In the light of the above conclusion, we summarize the details of the overall algorithm in Algorithm 1.

Algorithm 1 Solution to the SRM problem in (12).
Input:$\epsilon$, $P_a$, $P_c$, $N_a$, $N_c$, $h_{a1}$, $h_{a2}$, $h_{ae}$, $h_{ce}$, $R_{th}$;
Output:$R_s^{*}\left(a_1\right)=R_s\left(a_1^{*}\right)$;
1:	calculate $a_1^U$ according to (26);
2:	if $a_1^U\le 0$,
	Alice stops serving LU2. In addition, the CJ scheme in [21] is carried out at Alice to guarantee secure transmission for LU1;
3:	else if $a_1^U>0.5$,
	the CJ scheme in [21] is implemented to solve the SRM problem in (12);
4:	else
	the solution to obtain $a_1^{*}$ has been discussed in Case 3;
5:	end if
6:	return$a_1^{*}$;

4. Numerical Results

Numerical simulations are presented in this section to compare the proposed scheme with the proposed adaptive scheme with Alice-aided AN beamforming (without relying on Charlie), the Non-CJ-NOMA scheme in [19] and the CJ-OMA scheme (only for LU1) in [21]. We adopt the basic setting $N_a=4$, $N_c=4$, $M=4$, $\epsilon =0.01$, $P_c=10$ dB, ${\Vert {\mathbf{h}}_{a1}\Vert }^2=10$ dB, ${\Vert {\mathbf{h}}_{a2}\Vert }^2=5$ dB, and $R_{th}=2$ bit/s/Hz. Note that the aforementioned second scheme is named the Alice-aided scheme, in which AN beamforming is exploited by Alice but not Charlie, and Alice allocates $P_c$ to generate AN for fairness. Here, all the simulation results are averaged over 200 channel realizations.

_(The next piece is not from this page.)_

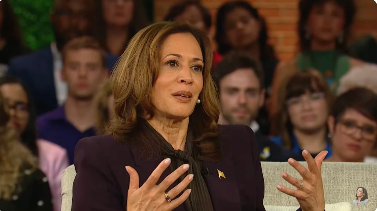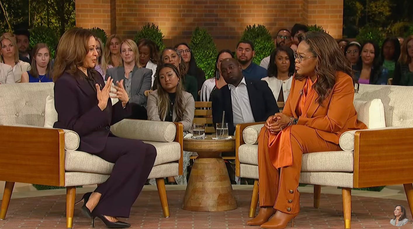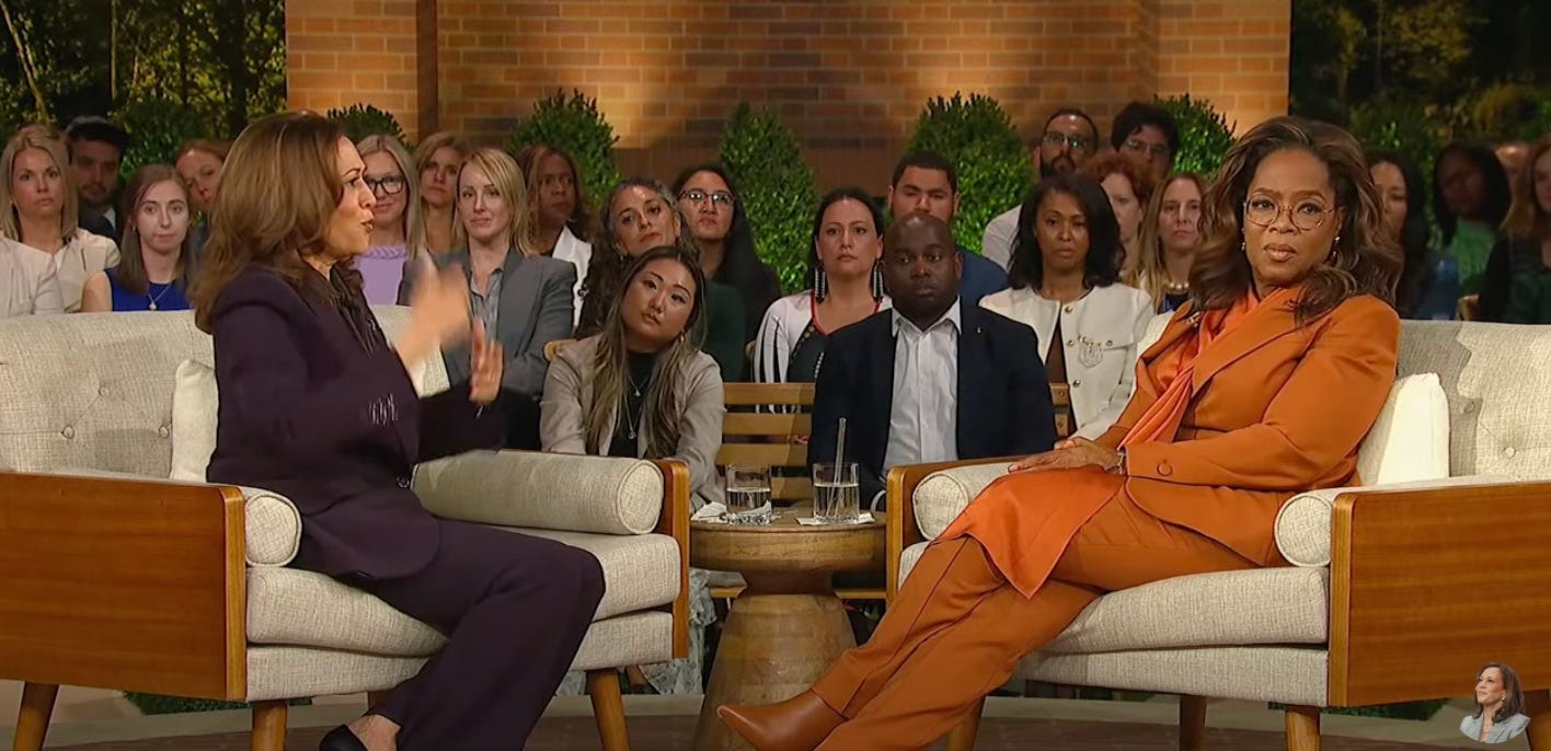 Oprah Winfrey had a townhall style “interview” with Kamala Harris. All of the ruling class were in attendance —Julie Roberts, Meryl Streep, Ben Stiller, Chris Rock, Tracey Ellis Ross — most of whom are afflicted with existential angst as opposed to, you know, practical problems of daily life?

Figure 2 and Figure 3 compare the secrecy rates and the transmission rates at LU2 achieved by different schemes, respectively. It can be shown that the proposed scheme suffers an inevitable loss of secrecy performance for providing service to LU2 by the NOMA principle compared with the CJ-OMA scheme. From Figure 2, obviously, the secrecy rate of the proposed scheme outperforms the Non-CJ-NOMA scheme, especially when $P_a<-3$ dB and $a_1^U<0$. This is mainly due to the fact that the proposed scheme consists of adaptive strategy adjustment while the NON-CJ-NOMA scheme fails to work in this case. In addition, we can observe from Figure 2 that, thanks to the external jamming signal from Charlie for anti eavesdropping, a much higher secrecy rate can be achieved by the proposed scheme against the Alice-aided scheme when $P_a\ge 0$ dB. Specifically, when $P_a<-3$ dB, the desired QoS constraint at LU2 can not be satisfied, Alice stops serving LU2 and the CJ scheme in [21] is carried out. When $P_a\ge -2$ dB, Alice begins to provide service to Rx2 by NOMA principle, and the $R_s$ at LU1 first decreases to zero when $P_a=-2$ dB then increases as $P_a$ increases. Similar results are provided by the adaptive Alice-aided scheme that the QoS requirement at LU2 can not be met when $P_a<-8$ dB, and in this case Alice only provides service to LU1 by adopting the CJ scheme in [21]. Then, the secrecy rate decreases to zero when $P_a=8$ dB due to the transmit strategy adjustment, and Alice begins to serve both LU1 and LU2 simultaneously when $P_a\ge -8$ dB. Figure 3 validates the effectiveness of the proposed power allocation strategy that, as $P_a$ increases from −3 dB to 19 dB, $a_1^{*}$ is set to be $a_1^U$ and $R_2$ remains at $R_{th}$. Compared with the Non-CJ scheme, when the required QoS at LU2 is satisfied, more power could be allocated to LU1 thanks to the jamming signals generated by Charlie in the proposed scheme. In addition, although both the proposed scheme and the Alice-aided scheme consist of adaptive power allocation adjustment, it can be observed that the first scheme outperforms the second one in a wide range of $P_a$. The reason is that, compared to the Alice-aided scheme, in the systems exploiting the proposed scheme, the SOP constraint can be satisfied much more easily with the aid of external jamming from Charlie, thus more power could be allocated to serve both LU1 and LU2.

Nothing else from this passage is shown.